I look forward to some interesting debate. Also, I would love to hear about the Kapex. At $1,300 I will NEVER hear a compelling argument to justify that price which is roughly the equivalent of a basic cabinet saw or an excellent Hybrid Saw. What does it do that a $600 DeWalt or Bosch sliding 12″ compound can’t for more than twice the price? Great tool I am certain (I used one). Just not convinced that it is worth the $.
Replies
Well a couple of things to start a top of the line Lamello biscuit joiner is $925 so not all are cheaper. Biscuits and Dominos are a totally different joint that should be used in very different situations. I find that the domino is much more versatile and can be used in place of a biscuit much more than the other way around. Yes biscuits are cheaper than dominos but it is much less expensive for me to buy dominos than to make my own floating tenon stock.
Your analogy on the money thing is weak, a $4k difference in price is 80 hours of labor @ $50 an hour but if you plug that number into the domino vs biscuit joiner it is only $575 or 11 1/2 hours labor. That savings can easily be made up over a couple projects. If your buying a top of the line biscuit joiner the number is even smaller.
I care about joint strength but what is much more appropriate is using the correct joint in the first place. In my experience biscuits don't hold up to constant racking there just isn't enough surface area to hold up over time. It would be interesting to test joints on one of the machines IKEA puts in their showrooms to test seat cushions.
I guess your question about making a case for it at it's price is hard because it is the only machine out there that does what it does and given the time savings it is very worth the cost of admission for me.
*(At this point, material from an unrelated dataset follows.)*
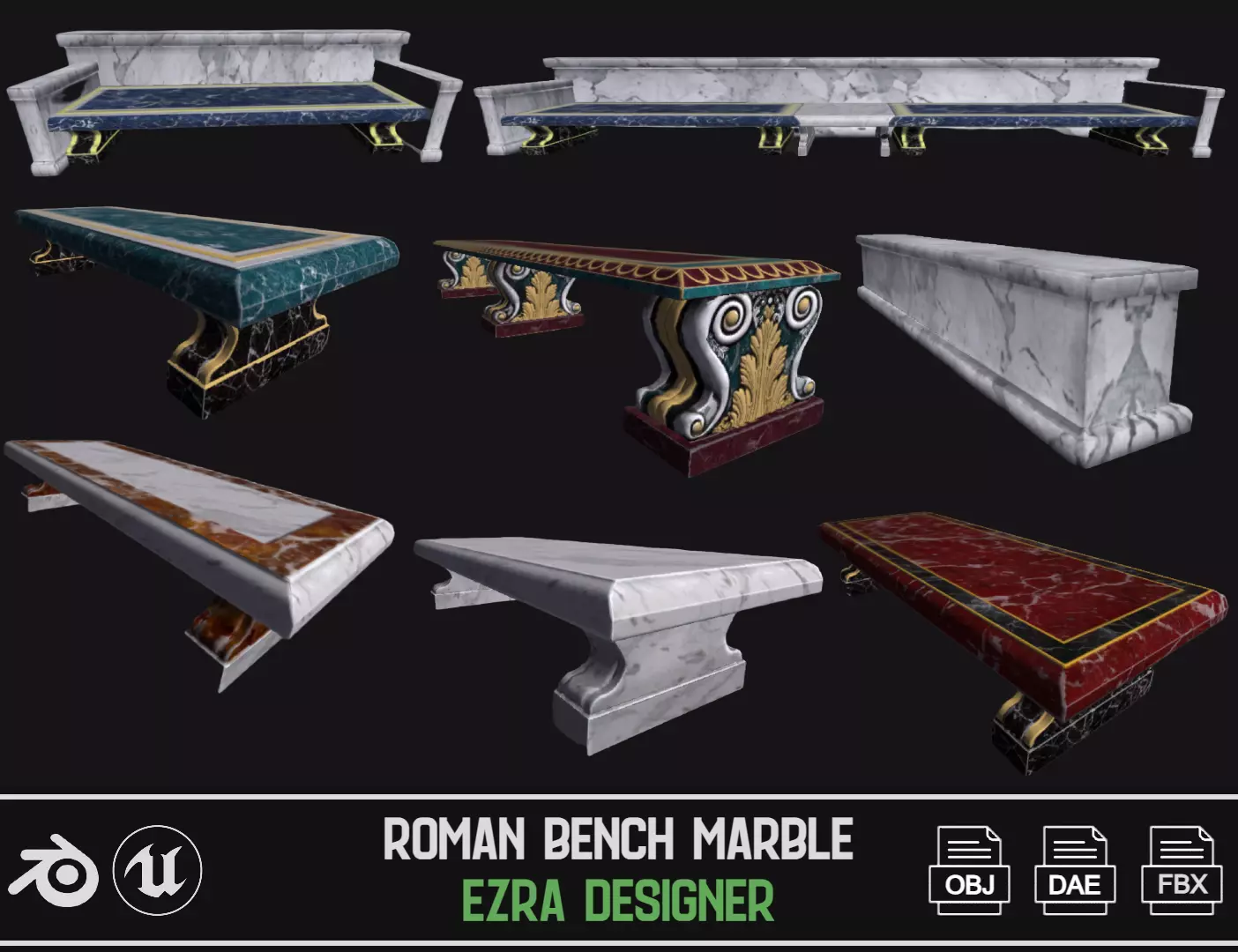 Elevate your 3D scenes with our assortment of 11 meticulously crafted Roman marble benches. Each bench in this collection exudes the grandeur of ancient Rome, featuring intricate marble designs and historical accuracy. Whether you're a history enthusiast, a 3D artist, or simply want to bring a touch of Roman opulence to your digital projects, these 3D Roman marble benches are the perfect choice.

I also use a lot of floating tenons in my work using a multi-router and have found that the domino can be used in place of it about 90% of the time because it is faster and easier. Last I checked multi-routers are pushing $3k.
I'm defiantly not a Festool homer I have a domino and a sander that I got at a very nice introductory price but none of their other tools has really interested me. I can get 4 really nice cordless drills for the price of theirs and the kapex doesn't really interest me at all, I have an old Hitachi that was $200 and it does everything I need.
So you want to know how I justify it's cost it's easy.
1-it's a well built tool and it isn't that much more than other european power tools.
2- It saves time and money
3- while not as easy to use as biscuits it isn't much harder and more versatile.
4- If i had to choose between the two the biscuit joiner would go first.
I'm attaching my latest project done using athe domino, which is a curly sapele liquor cabinet.
Tom Stockton
Awesome wood and workmanship. I agree with you on the Festool domino.
JP
Tom:
Beautiful work. Is the front of the cabinet bowed? Also, I am just getting underway in veneering and was wondering what you use for a substrate. If that is solid stock all the way around, your clinent has some major $ and I apologize for the veneer comment.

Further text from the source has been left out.